PROMPT: The lines from the one containing "الشوى ها هنا: القوائم،" through the last line below, both ends included, must be reproduced exactly, with no pictures.

INPUT DATA:
============================================================
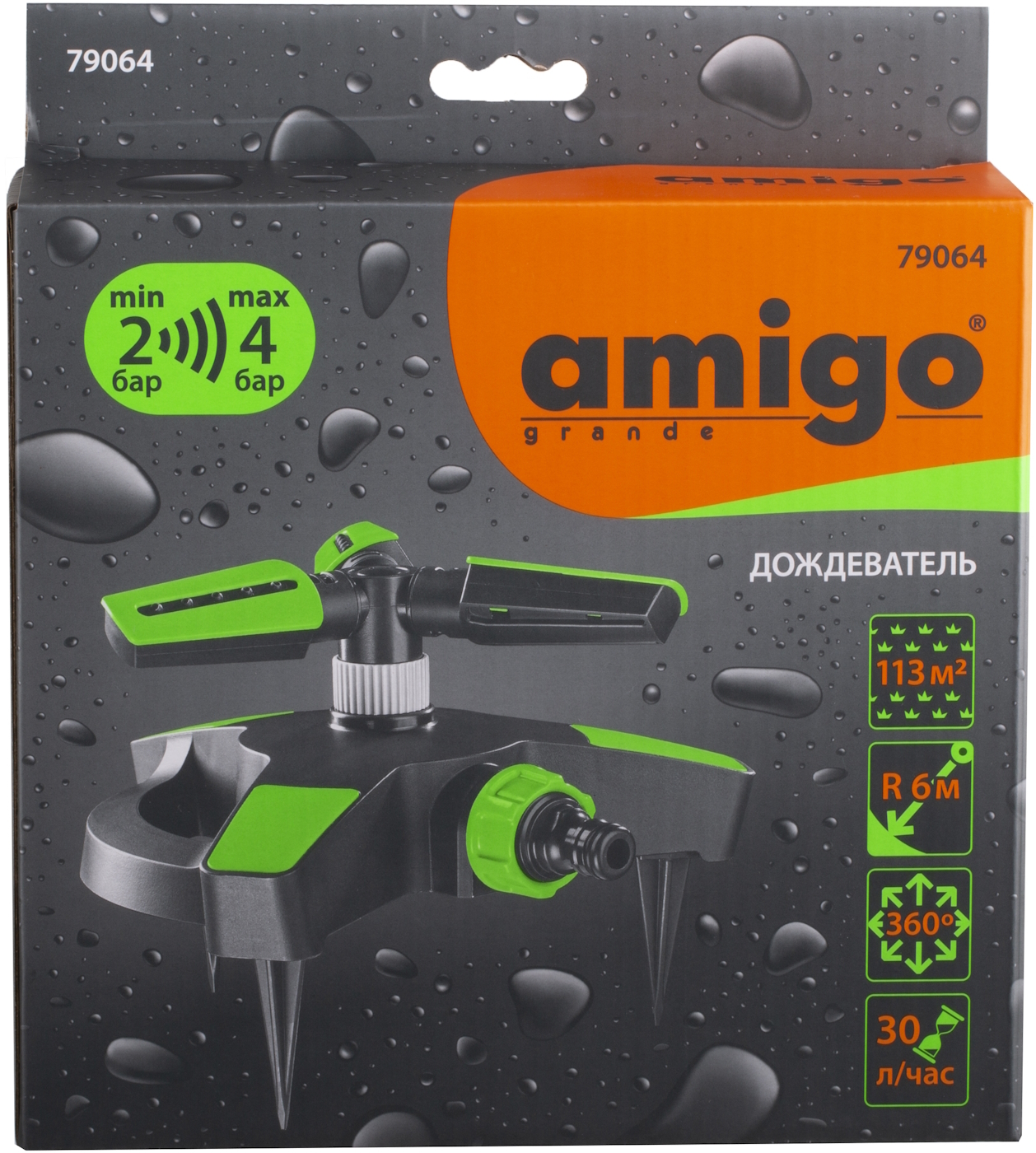 Вращающийся дождеватель круговой Amigo 79064 имеет устойчивую платформу и регулировку распыления. Площадь распыления -113 м2. Расход воды -30 л/мин. Рабочее давление — 2/4 атм.
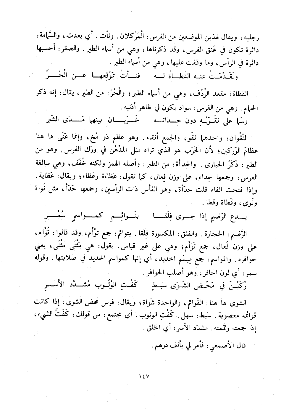 الشوى ها هنا: القوائم، والواحدة شواة؛ ويقال: فرس محض الشوى، إذا كانت قوائمه معصوبة. سبط: سهل. كفت الوثوب. أي مجتمع، من قولك: كفتّ الشيء، إذا جمعته وتمّمته. مشدّد الأسر: أي الخلق.
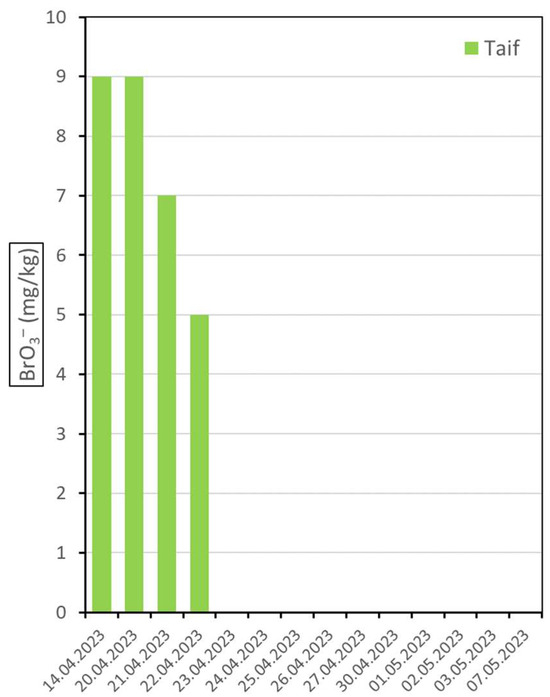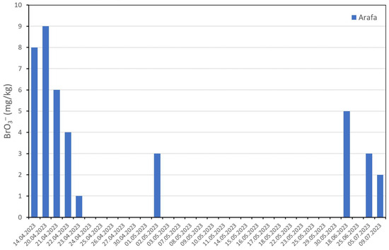 Bromate concentration in Arafa and Taif storage tanks during the 2023 trials.
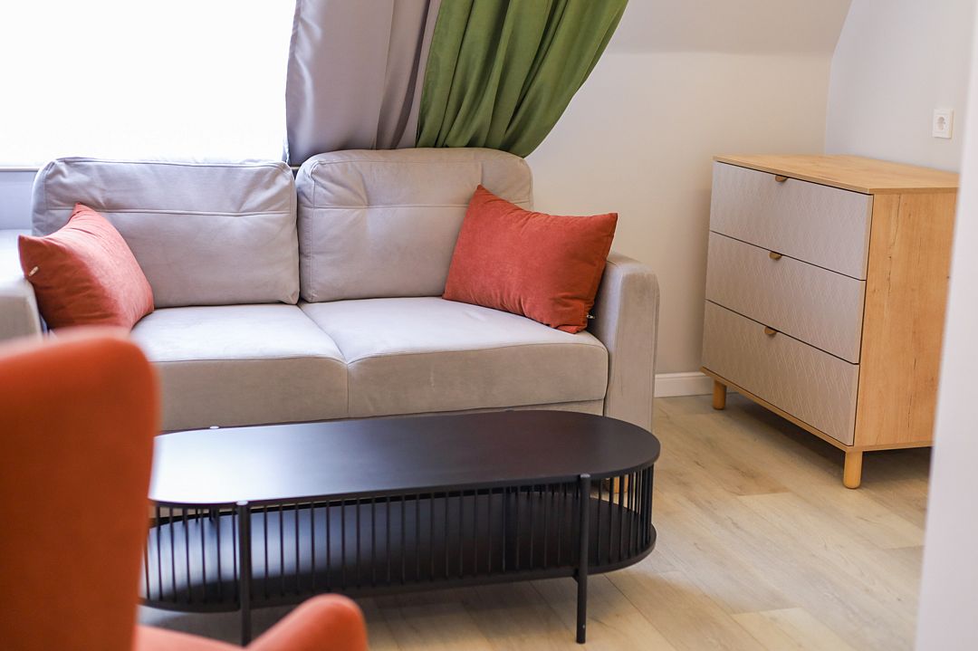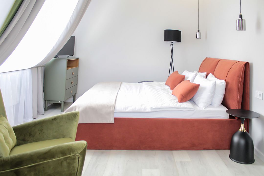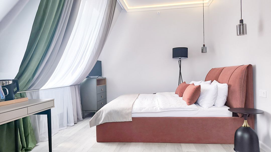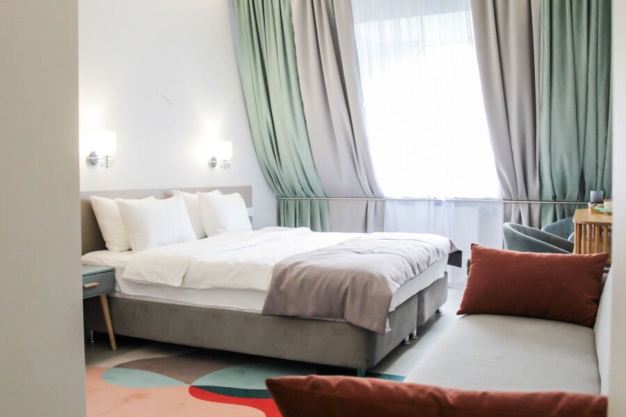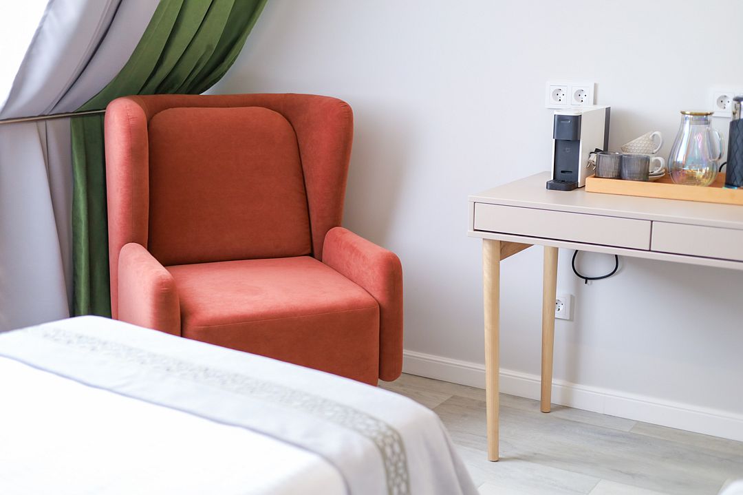 Светлый и просторный двухкомнатный номер с деревянной мебелью и панорамными мансардными окнами. В гостиной можно комфортно провести время за чашкой чая, а в спальне – насладиться крепким сном на удобной кровати с ортопедическим матрасом. Лаконичный дизайн, функциональное пространство и душевая кабина с тропическим душем делают этот номер идеальным для тех, кто ценит уют и практичность. Чтобы отдых стал ещё приятнее, рекомендуем посетить наш SPA с широким выбором расслабляющих процедур.
============================================================
YOUR SOLUTION:
 الشوى ها هنا: القوائم، والواحدة شواة؛ ويقال: فرس محض الشوى، إذا كانت قوائمه معصوبة. سبط: سهل. كفت الوثوب. أي مجتمع، من قولك: كفتّ الشيء، إذا جمعته وتمّمته. مشدّد الأسر: أي الخلق.
 Bromate concentration in Arafa and Taif storage tanks during the 2023 trials.
 Светлый и просторный двухкомнатный номер с деревянной мебелью и панорамными мансардными окнами. В гостиной можно комфортно провести время за чашкой чая, а в спальне – насладиться крепким сном на удобной кровати с ортопедическим матрасом. Лаконичный дизайн, функциональное пространство и душевая кабина с тропическим душем делают этот номер идеальным для тех, кто ценит уют и практичность. Чтобы отдых стал ещё приятнее, рекомендуем посетить наш SPA с широким выбором расслабляющих процедур.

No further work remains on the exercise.